Some of the motivating factors listed in the research (Andersen, 2004; Hiltz, Kim, & Shea, 2006; Keeten, 2000; Schnitzer & Crosby, 2003; Theall, 1999; Townsend & Hauss, 2002) are flexible scheduling, opportunity to experiment with new pedagogy, computing skill level and opportunity to learn new technology, natural curiosity, marketability of skills, opportunity to share knowledge, and career development. Other motivators include university sponsored incentives and policies (Gannon-Cook & Ley, 2004; Moore & Anderson, 2003).
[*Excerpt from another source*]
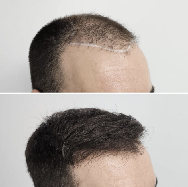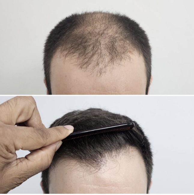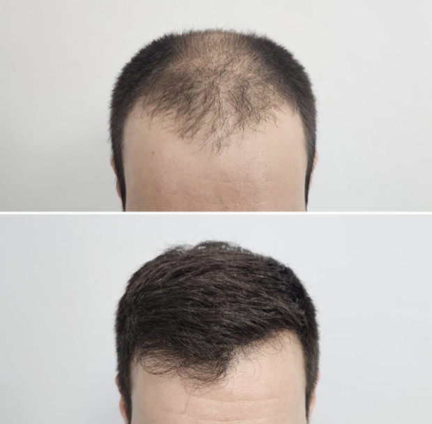 Male patient in his 30's with diffuse patterned alopecia received 3,938 grafts via FUE.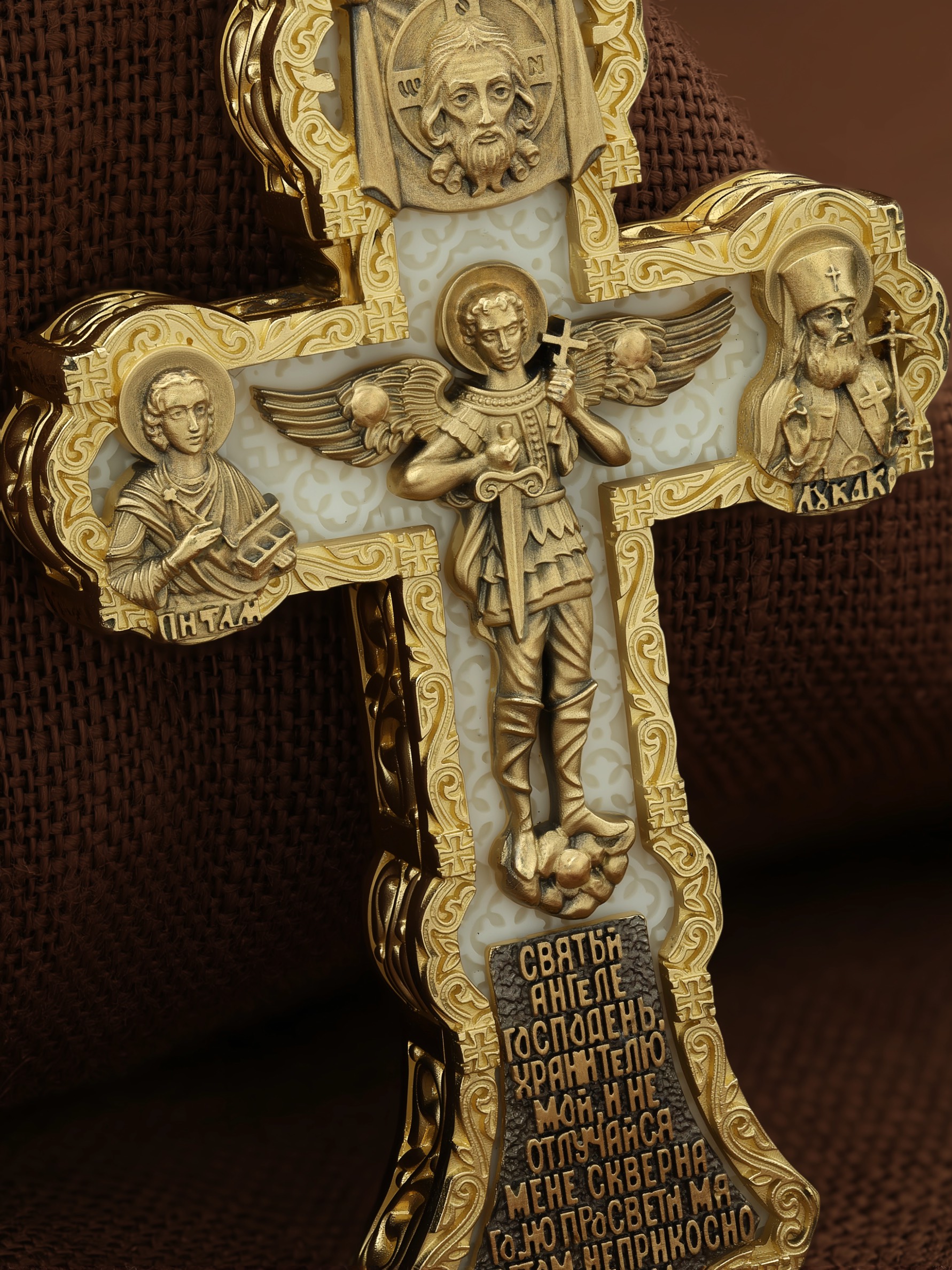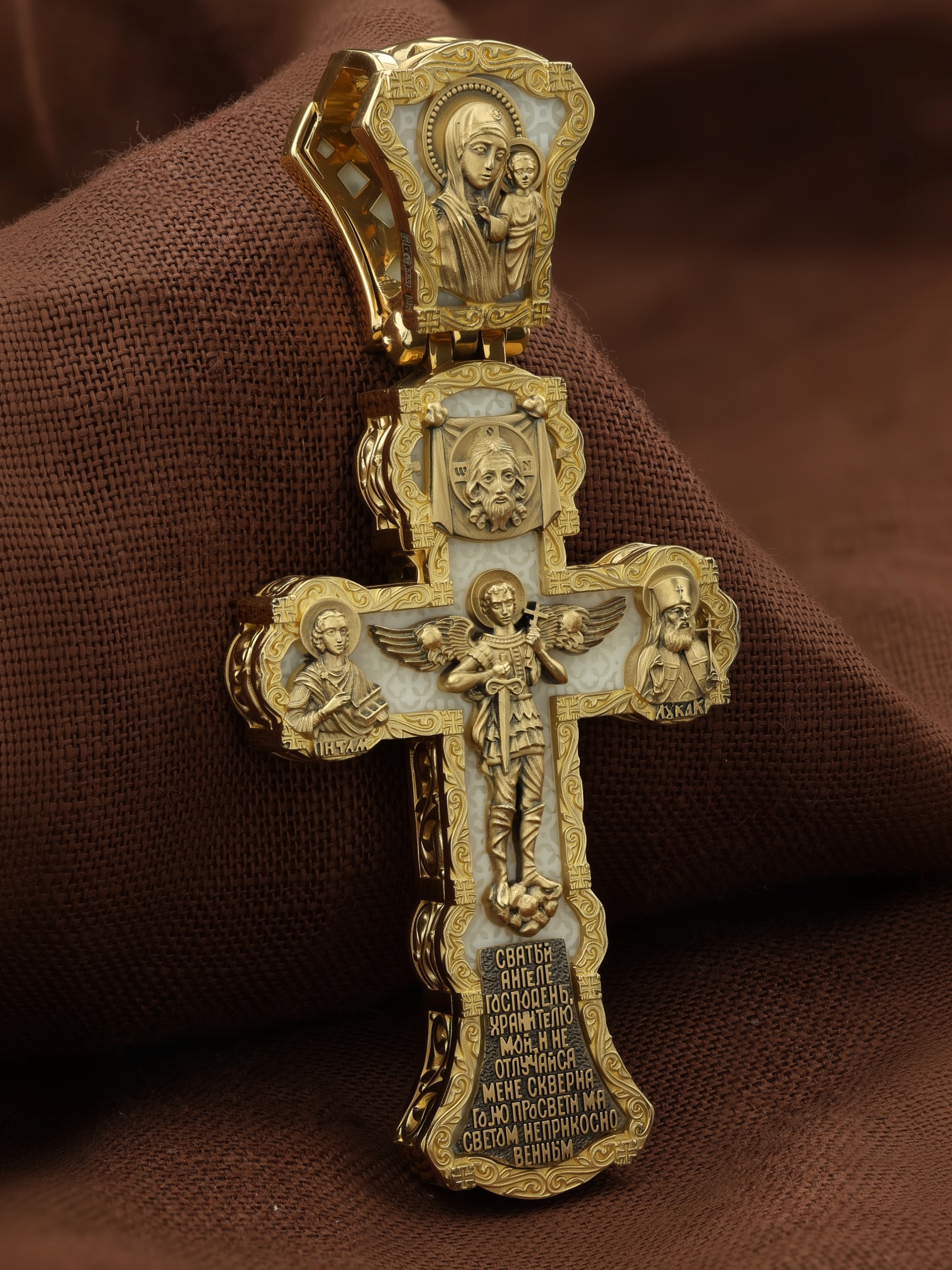 На центральной части оборотной стороны креста изображен Святой Ангел-Хранитель в виде прекрасного юноши держащего в правой руке крест, а в левой — мечь. Ангел-Хранитель — это Ангел приставляемый Богом к человеку при крещении для охраны и помощи в добрых делах. Невидимо пребывая при нас постоянно, он, руководствуя нас ко спасению, не только по нашему желанию таинственно наставляет нас на все доброе и полезное, не только возносит наши молитвы к Богу, но еще и сам от себя охраняют и защищают нас от врагов видимых и невидимых и ходатайствует за нас пред Богом. Ниже образа написана молитва: «Святый Ангеле Господень, Хранитель мой, не отлучайся мене скверного, но просвети мя светом неприкосновенным.» Выше образа изображен Спас Нерукотворный — образ Господа и Спасителя нашего Иисуса Христа, чудесно отпечатавшийся на плате, котором Христос вытер свой лик. Слева — Свя¬той ве¬ли¬ко¬му¬че¬ник и це¬ли¬тель Пан¬те-ле¬и¬мон. Господь даровал удивительную силу его молитве. Ею он исцелял любые болезни, воскрешал мертвых. Справа — Святитель Лука (Войно-Ясенецкий). На кулонном кольце изображена Казанская икона Божией Матери — одна из самых любимых на Руси.

Many faculty members are motivated to teach distance education courses because of the various incentives that they receive for doing so. According to Moore and Anderson (2003), “incentives that have been identified with respect to distance education appear to be of three major types: (1) situational aspects or characteristics of the work environment that facilitate participation, (2) inducements offered by the institution expressly to entice faculty to participate, and (3) intrinsic rewards returned for participation” (p. 557). Situational aspects or characteristics may include availability of technology training and assistance, departmental commitment to distance education, and/or a well-developed support system. Inducements offered by the institution may include increase in salary, promotion credit, and/or release time. Intrinsic rewards may include personal/professional growth, career advancement, personal challenge, and/or personal satisfaction for a job well done.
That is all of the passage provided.